- **Your instructions**: All lines from the one containing "В школу – элегантной" down to the one containing "TWICEさん、極寒のNYであたシコダンスを披露し炎上して終わる…【画像】", both ends included, are to be given again exactly; omit the rest of the listing below.

- **Dataset content**:
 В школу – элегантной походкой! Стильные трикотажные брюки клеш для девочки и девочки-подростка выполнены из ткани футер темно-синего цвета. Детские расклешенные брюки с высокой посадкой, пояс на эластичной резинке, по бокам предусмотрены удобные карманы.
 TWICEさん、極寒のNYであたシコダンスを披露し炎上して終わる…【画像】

--

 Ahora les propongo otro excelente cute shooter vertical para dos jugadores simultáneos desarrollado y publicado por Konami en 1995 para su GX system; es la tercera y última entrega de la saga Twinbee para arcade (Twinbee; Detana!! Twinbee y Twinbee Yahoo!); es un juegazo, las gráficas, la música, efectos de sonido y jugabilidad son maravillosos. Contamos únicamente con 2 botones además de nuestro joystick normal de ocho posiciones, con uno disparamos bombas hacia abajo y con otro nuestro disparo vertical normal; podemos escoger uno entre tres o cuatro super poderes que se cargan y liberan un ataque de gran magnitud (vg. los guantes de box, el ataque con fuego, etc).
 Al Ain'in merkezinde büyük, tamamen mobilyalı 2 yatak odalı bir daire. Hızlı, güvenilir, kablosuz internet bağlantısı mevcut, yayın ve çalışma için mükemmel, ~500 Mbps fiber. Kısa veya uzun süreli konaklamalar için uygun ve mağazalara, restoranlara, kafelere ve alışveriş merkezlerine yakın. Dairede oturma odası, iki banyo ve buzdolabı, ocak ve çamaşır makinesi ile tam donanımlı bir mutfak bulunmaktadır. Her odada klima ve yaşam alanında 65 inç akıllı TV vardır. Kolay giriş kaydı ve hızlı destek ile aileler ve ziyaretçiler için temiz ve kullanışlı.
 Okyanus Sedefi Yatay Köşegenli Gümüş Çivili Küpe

---

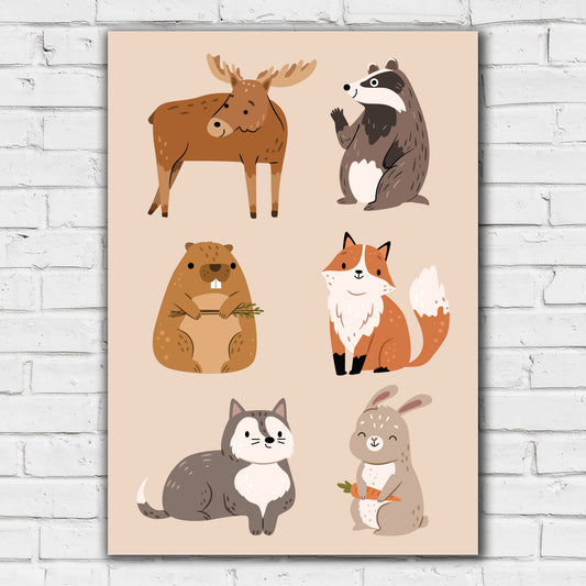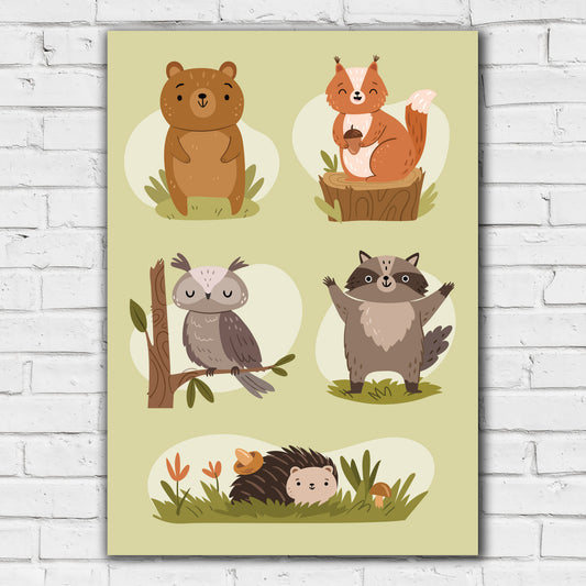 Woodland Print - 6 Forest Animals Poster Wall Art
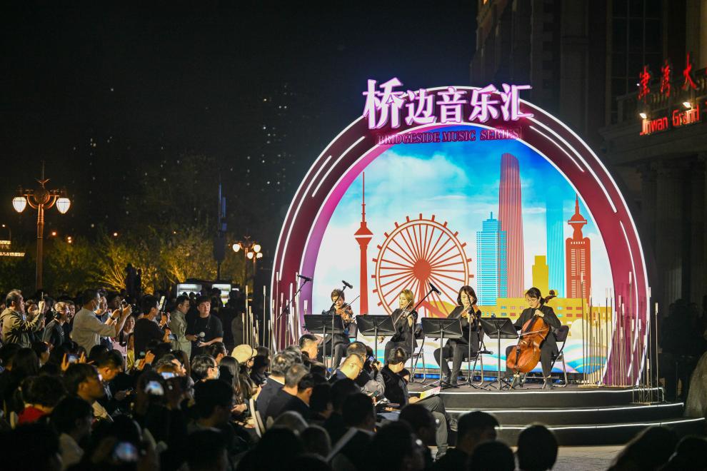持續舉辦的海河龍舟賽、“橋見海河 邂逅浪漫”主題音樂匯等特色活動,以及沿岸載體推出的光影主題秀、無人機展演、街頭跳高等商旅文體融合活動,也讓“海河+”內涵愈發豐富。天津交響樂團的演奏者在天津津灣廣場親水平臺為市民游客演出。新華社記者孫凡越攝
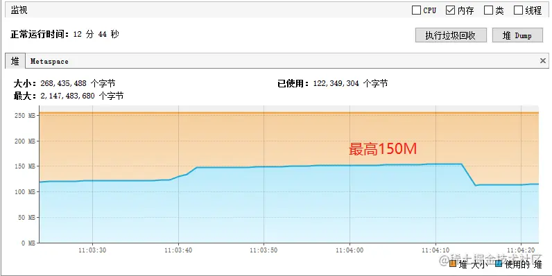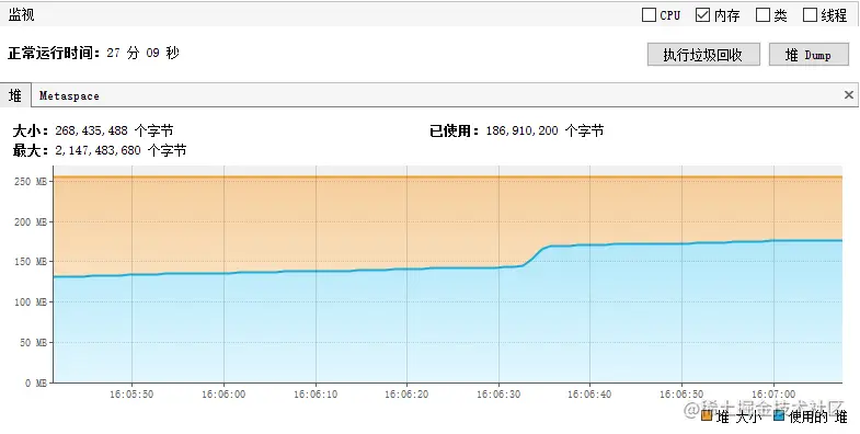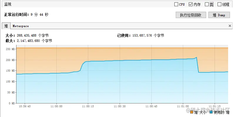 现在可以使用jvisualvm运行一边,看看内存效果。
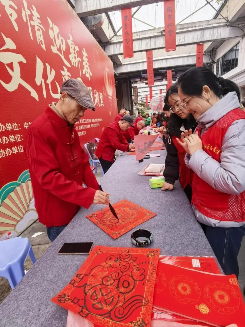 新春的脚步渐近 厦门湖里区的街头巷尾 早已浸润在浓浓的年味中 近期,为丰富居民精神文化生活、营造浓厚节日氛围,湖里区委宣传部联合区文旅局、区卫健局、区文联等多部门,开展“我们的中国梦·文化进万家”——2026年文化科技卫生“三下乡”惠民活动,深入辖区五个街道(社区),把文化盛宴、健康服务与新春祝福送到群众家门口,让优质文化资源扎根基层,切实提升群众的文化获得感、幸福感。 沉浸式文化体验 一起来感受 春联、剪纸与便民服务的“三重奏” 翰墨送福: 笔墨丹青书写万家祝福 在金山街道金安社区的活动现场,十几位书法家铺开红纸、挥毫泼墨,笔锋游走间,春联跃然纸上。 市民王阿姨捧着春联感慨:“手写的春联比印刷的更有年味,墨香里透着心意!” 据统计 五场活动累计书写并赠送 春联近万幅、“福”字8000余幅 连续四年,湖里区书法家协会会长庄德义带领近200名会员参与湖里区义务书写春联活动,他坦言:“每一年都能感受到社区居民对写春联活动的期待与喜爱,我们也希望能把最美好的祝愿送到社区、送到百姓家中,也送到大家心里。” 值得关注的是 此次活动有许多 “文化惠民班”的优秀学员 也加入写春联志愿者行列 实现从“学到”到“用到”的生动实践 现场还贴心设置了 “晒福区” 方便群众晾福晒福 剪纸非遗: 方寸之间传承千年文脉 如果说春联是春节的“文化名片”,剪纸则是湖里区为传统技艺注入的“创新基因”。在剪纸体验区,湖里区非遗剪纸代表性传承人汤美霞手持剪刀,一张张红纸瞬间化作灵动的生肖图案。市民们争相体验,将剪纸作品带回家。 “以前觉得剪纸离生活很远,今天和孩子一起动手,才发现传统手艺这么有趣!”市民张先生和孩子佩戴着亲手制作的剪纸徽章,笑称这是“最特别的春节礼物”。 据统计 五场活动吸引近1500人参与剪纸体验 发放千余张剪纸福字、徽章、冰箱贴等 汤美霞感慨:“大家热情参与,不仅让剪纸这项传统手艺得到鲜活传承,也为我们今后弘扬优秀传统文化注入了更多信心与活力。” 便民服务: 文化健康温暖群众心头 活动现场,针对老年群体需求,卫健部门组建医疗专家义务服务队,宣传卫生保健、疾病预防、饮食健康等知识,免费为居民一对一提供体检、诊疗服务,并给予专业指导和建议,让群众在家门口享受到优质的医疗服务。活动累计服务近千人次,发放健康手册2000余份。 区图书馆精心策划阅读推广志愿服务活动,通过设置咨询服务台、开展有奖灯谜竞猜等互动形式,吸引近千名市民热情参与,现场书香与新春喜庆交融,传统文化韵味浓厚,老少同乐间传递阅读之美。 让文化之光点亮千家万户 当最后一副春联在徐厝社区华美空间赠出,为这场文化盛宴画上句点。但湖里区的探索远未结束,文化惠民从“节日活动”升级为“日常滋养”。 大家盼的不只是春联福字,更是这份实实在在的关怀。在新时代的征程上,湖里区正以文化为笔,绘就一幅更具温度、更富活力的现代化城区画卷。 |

- **Task response**:
 В школу – элегантной походкой! Стильные трикотажные брюки клеш для девочки и девочки-подростка выполнены из ткани футер темно-синего цвета. Детские расклешенные брюки с высокой посадкой, пояс на эластичной резинке, по бокам предусмотрены удобные карманы.
 TWICEさん、極寒のNYであたシコダンスを披露し炎上して終わる…【画像】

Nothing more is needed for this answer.